Material provided |
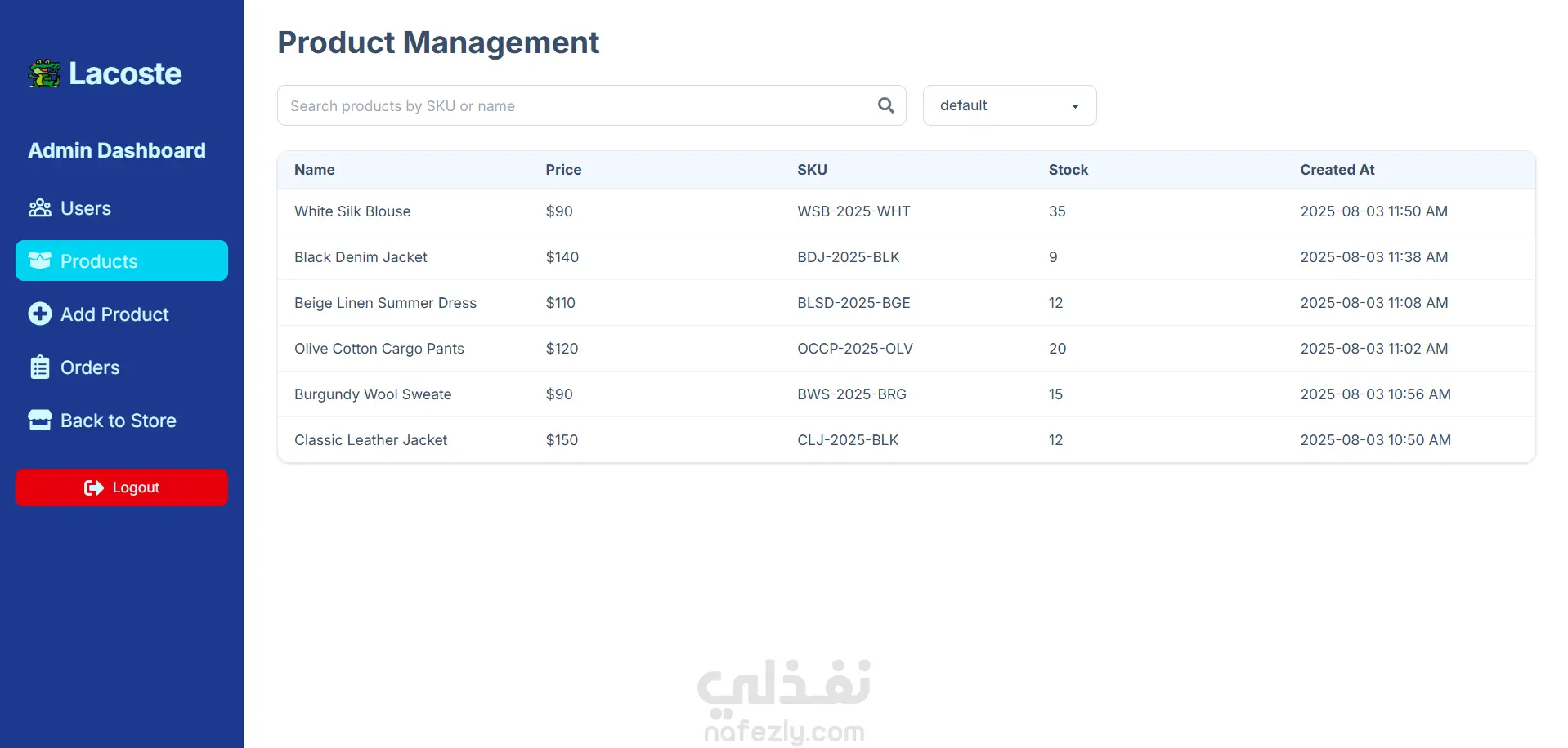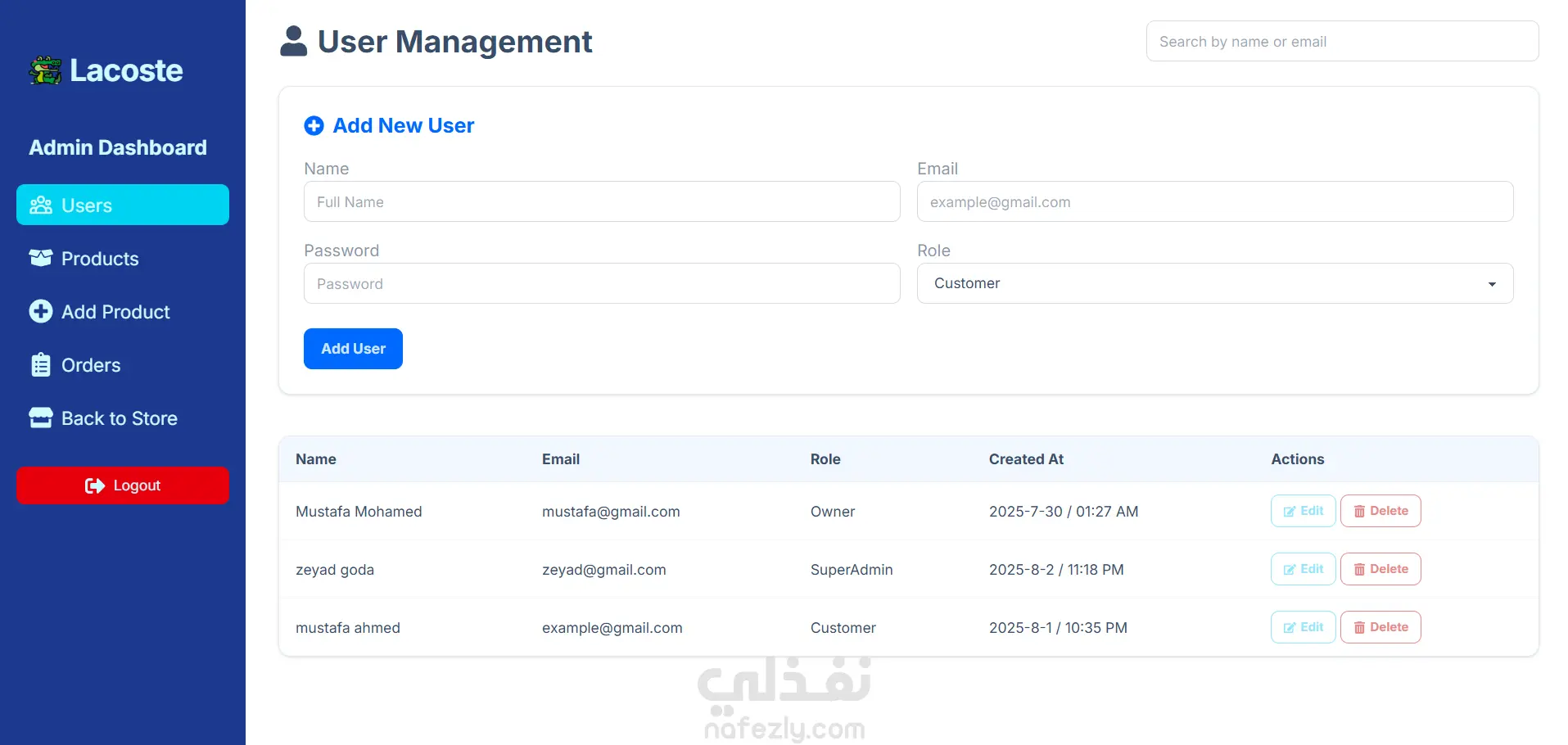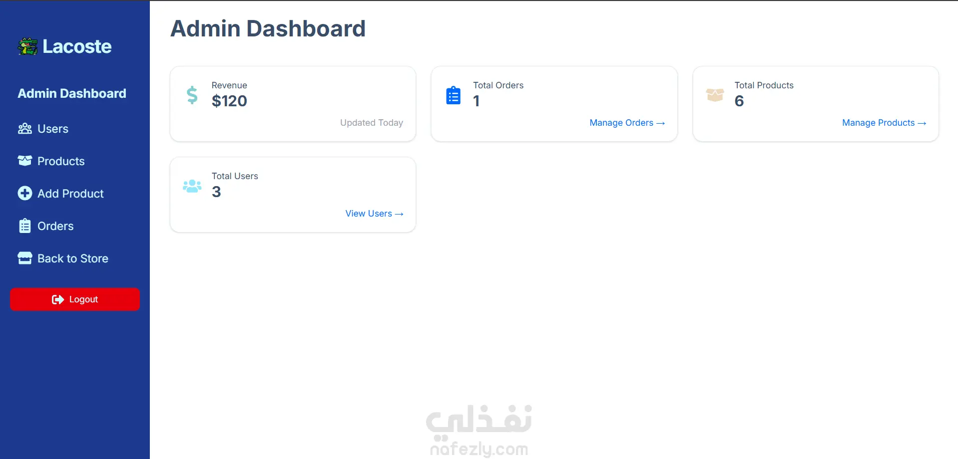 قمت بتطوير لوحة تحكم كاملة لإدارة متجر إلكتروني، الهدف منها إنها تخلّي صاحب المتجر يقدر يتحكم في كل حاجة بسهولة ومن مكان واحد. إيه اللي عملته في الداشبورد؟ إدارة المنتجات: تقدر من خلالها إضافة المنتجات، تعديل البيانات، رفع الصور، تحديد الأسعار والمخزون، وكل ده بشكل بسيط وواضح. إدارة الطلبات: عملت نظام يسمح لصاحب المتجر يشوف كل الطلبات اللي بتيجي من العملاء، ويقدر يغيّر حالة الطلب (قيد التنفيذ – تم الشحن – مكتمل)، ويشوف بيانات العميل والمنتجات المطلوبة. إدارة المستخدمين: فيه صفحة بتعرض كل المستخدمين المسجلين، مع إمكانية إدارة أدوارهم وصلاحياتهم. الإحصائيات والتقارير: الداشبورد بيعرض إحصائيات مهمة زي عدد الطلبات، إجمالي المبيعات، عدد العملاء، والمنتجات اللي قربت تخلص. ده بيساعد صاحب المتجر يفهم أداء متجره بشكل سريع وبسيط. تأمين النظام: عملت تسجيل دخول آمن للمدير باستخدام نظام JWT، مع حماية الصفحات المخصصة للإدارة بحيث محدّش يقدر يدخل غير المسؤول. لوحة سهلة الاستخدام: اهتميت إن شكل الداشبورد يكون بسيط وواضح، والأقسام مترتبة، عشان صاحب المتجر يقدر يوصل للي عايزه بسهولة ومن غير تعقيد.
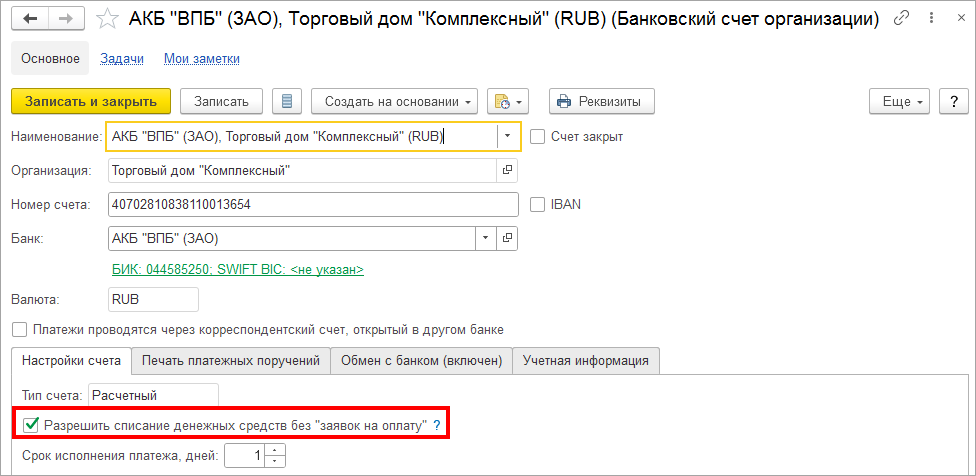 При включении контроля флажок Разрешить списание денежных средств без «заявок на оплату» не устанавливается, что обеспечивает дополнительный контроль над движением денежных средств.
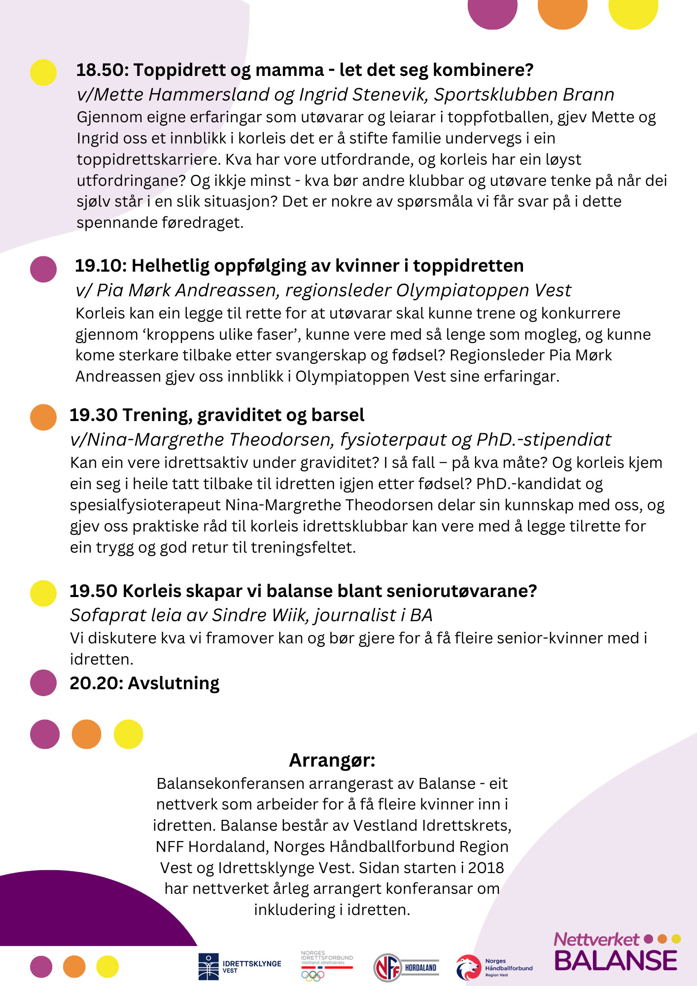 Nettverket Balanse inviterer derfor deg som er trener, leder, eller som bare er veldig interessert i idrett, til en foredragsrekke om kvinner i idretten. Denne gangen er fokuset på senioren. Sammen med våre dyktige foredragsholdere tar vi opp temaer som graviditet, i hvilken grad idretten lar seg kombinere med mammarollen, og hvordan vi kan få flere kvinner inn i sentrale roller i idretten.
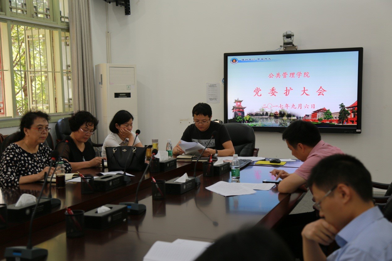 2017年9月6日下午,十大买球的正规网站于311会议室召开党委扩大会,学习贯彻习近平总书记重要讲话精神。会议由学院党委书记姜晓萍同志主持,学院中层领导干部、党委委员、工会主席、党政办主任、团委书记及各党支部书记参加了此次会议。

Directions |
A word-for-word copy of the listing is needed, with no pictures in it.

Answer to this exercise |
 قمت بتطوير لوحة تحكم كاملة لإدارة متجر إلكتروني، الهدف منها إنها تخلّي صاحب المتجر يقدر يتحكم في كل حاجة بسهولة ومن مكان واحد. إيه اللي عملته في الداشبورد؟ إدارة المنتجات: تقدر من خلالها إضافة المنتجات، تعديل البيانات، رفع الصور، تحديد الأسعار والمخزون، وكل ده بشكل بسيط وواضح. إدارة الطلبات: عملت نظام يسمح لصاحب المتجر يشوف كل الطلبات اللي بتيجي من العملاء، ويقدر يغيّر حالة الطلب (قيد التنفيذ – تم الشحن – مكتمل)، ويشوف بيانات العميل والمنتجات المطلوبة. إدارة المستخدمين: فيه صفحة بتعرض كل المستخدمين المسجلين، مع إمكانية إدارة أدوارهم وصلاحياتهم. الإحصائيات والتقارير: الداشبورد بيعرض إحصائيات مهمة زي عدد الطلبات، إجمالي المبيعات، عدد العملاء، والمنتجات اللي قربت تخلص. ده بيساعد صاحب المتجر يفهم أداء متجره بشكل سريع وبسيط. تأمين النظام: عملت تسجيل دخول آمن للمدير باستخدام نظام JWT، مع حماية الصفحات المخصصة للإدارة بحيث محدّش يقدر يدخل غير المسؤول. لوحة سهلة الاستخدام: اهتميت إن شكل الداشبورد يكون بسيط وواضح، والأقسام مترتبة، عشان صاحب المتجر يقدر يوصل للي عايزه بسهولة ومن غير تعقيد.
 При включении контроля флажок Разрешить списание денежных средств без «заявок на оплату» не устанавливается, что обеспечивает дополнительный контроль над движением денежных средств.
 Nettverket Balanse inviterer derfor deg som er trener, leder, eller som bare er veldig interessert i idrett, til en foredragsrekke om kvinner i idretten. Denne gangen er fokuset på senioren. Sammen med våre dyktige foredragsholdere tar vi opp temaer som graviditet, i hvilken grad idretten lar seg kombinere med mammarollen, og hvordan vi kan få flere kvinner inn i sentrale roller i idretten.
 2017年9月6日下午,十大买球的正规网站于311会议室召开党委扩大会,学习贯彻习近平总书记重要讲话精神。会议由学院党委书记姜晓萍同志主持,学院中层领导干部、党委委员、工会主席、党政办主任、团委书记及各党支部书记参加了此次会议。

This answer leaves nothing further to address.